# Boas > Anacondas >  what king of grounding do you use?

## bonheki

what do you use for your condas grounding in th cage ?  such as mulch, newspaper ,papertowls ,any other thing?
also how often do you let your conda soak??

----------


## cutler07

i use newspaper for my grounding. i think it better for them.

also i put my conda in the tub 3 times a week. and let him swim. 

i also have a big bowl for him in his cage to swim in and soak.

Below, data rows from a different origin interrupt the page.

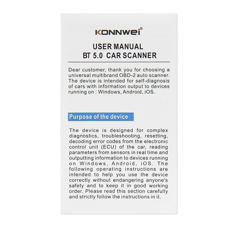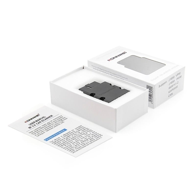 Instrumentul de scanare si diagnosticare auto, KONNWEI KW902 este un adaptor mic care se conecteaza la portul OBD al vehiculului prin Bluetooth. Se conectează la PC-ul cu Windows si dispozitivele cu Android prin procedurile de diagnosticare asociate. Făcând aceste operații simple, veți putea: Măsurați consumul de combustibil. Afișa performanța de funcționare în timp real a mașinii, cum ar fi impulsul, viteza vehiculului, presiunea uleiului, temperatura lichidului de răcire, sarcina motorului, presiunea galeriei de admisie, poziția clapetei de accelerație, valorile senzorilor de oxigen, temperatura de admisie a aerului și multe altele. Opriți MIL (motor de verificare a semnalului). Descărcați date pe medii externe într-o varietate de formate pentru imprimare ulterioară. Înregistrați diferiți parametri, afișați grafice în timp real și multe altele. efectuați o mașină completă de diagnosticare computerizată și chiar pentru a corecta defecțiuni minore fără a apela la stațiile de service. Funcții: 1. Citiți codurile de diagnosticare a erorilor, atât generice, cât și specifice producătorului, și afișați semnificația acestora (peste 3000 de definiții de coduri generice în baza de date). 2. Ștergeți codurile de defecțiune și dezactivați indicatorul luminos (luminos „Verificați motorul”) 3. Afișați datele curente ale senzorului, inclusiv: turația motorului, valoarea de încărcare calculată, temperatura lichidului de răcire, starea sistemului de alimentare cu combustibil, viteza vehiculului, reglarea combustibilului pe termen scurt, pe termen lung Compensarea combustibilului, Presiunea galeriei de admisie, Avansarea temporizării, Temperatura aerului admis, Debitul de aer, Poziția absolută a clapetei de accelerație, Tensiunile senzorului de oxigen/ajustările combustibilului asociate pe termen scurt, Starea sistemului de alimentare cu combustibil. Cum să setați conectarea Bluetooth: versiunea BLE 5.0 cu mod dublu: Pentru utilizatorii de Android: Ecran de pornire Accesați pagina de setări Selectați parola V-LINK. Implicit este „1234” Dispozitiv asociat Rulați aplicația Asociere Accesați aplicația Asociere Setare adaptor OBD II Alegeți tipul de conexiune > Bluetooth Alegeți dispozitivul Bluetooth > Aplicația V-LINK Output Torque Rulați complet aplicația Torque Conectat Conținut pachet: 1 x KW902 Scaner OBD Bluetooth 1 x Manual de utilizare în limba engleză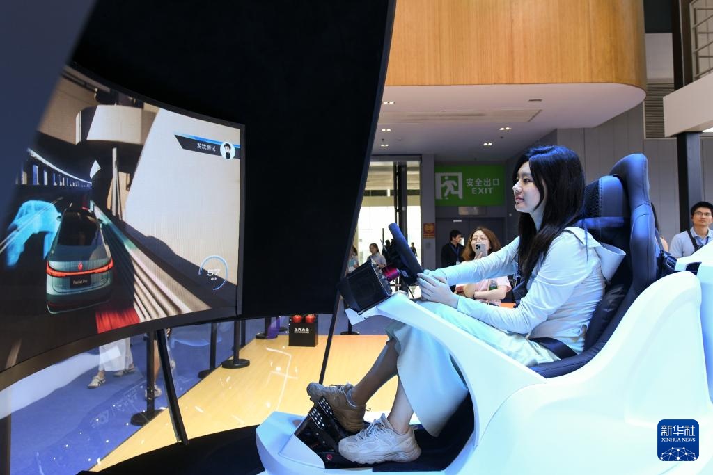 8月30日,参观者在第二十七届成都国际汽车展览会体验模拟驾驶。
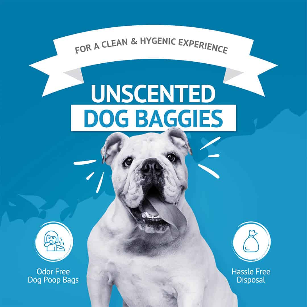• UNSCENTED DOG BAGGIES: The only thing worse than the smell of dog poop is the attempt to mask that smell with strong perfumes and scents, which is why our odorless doggy poop bags seal in the smell with no added aromas. Just grab your dog’s business in a dog waste bag and toss it out, no extra steps.

so he is basically in the water alot except when i hold him and when he is under his hide

----------


## bonheki

> i use newspaper for my grounding. i think it better for them.
> 
> also i put my conda in the tub 3 times a week. and let him swim. 
> 
> i also have a big bowl for him in his cage to swim in and soak.
> 
> so he is basically in the water alot except when i hold him and when he is under his hide


oh i got newspaper  too and give him like a dog bowl in his cage and put a hole on the bottom  so its a waterbowl/hide and i let him soal when ever he want to do you have a humidity box? i do

----------


## cutler07

yea.condas liek to stay in the water (wat there made to do) and stay for forever until it wants to move or eat.

----------


## bonheki

yea when does you're conda go into its hide?

----------


## cutler07

he usally goes in it when he doesnt want to be in water or he wants to get warmed up (have a heat pad under the hide)

----------


## bonheki

oh im useing a rubbermaid container im going to buy a lamp like in a cupple of weeks cuz right now the container isnt cold or hot its war around 80

----------


## cutler07

ok make sure there is humidity in the cage as well

if not they will have a terrible shed

----------


## bonheki

yea i have moss in their and a humidity box

----------


## cutler07

ok

any thinge else u want to ask?

----------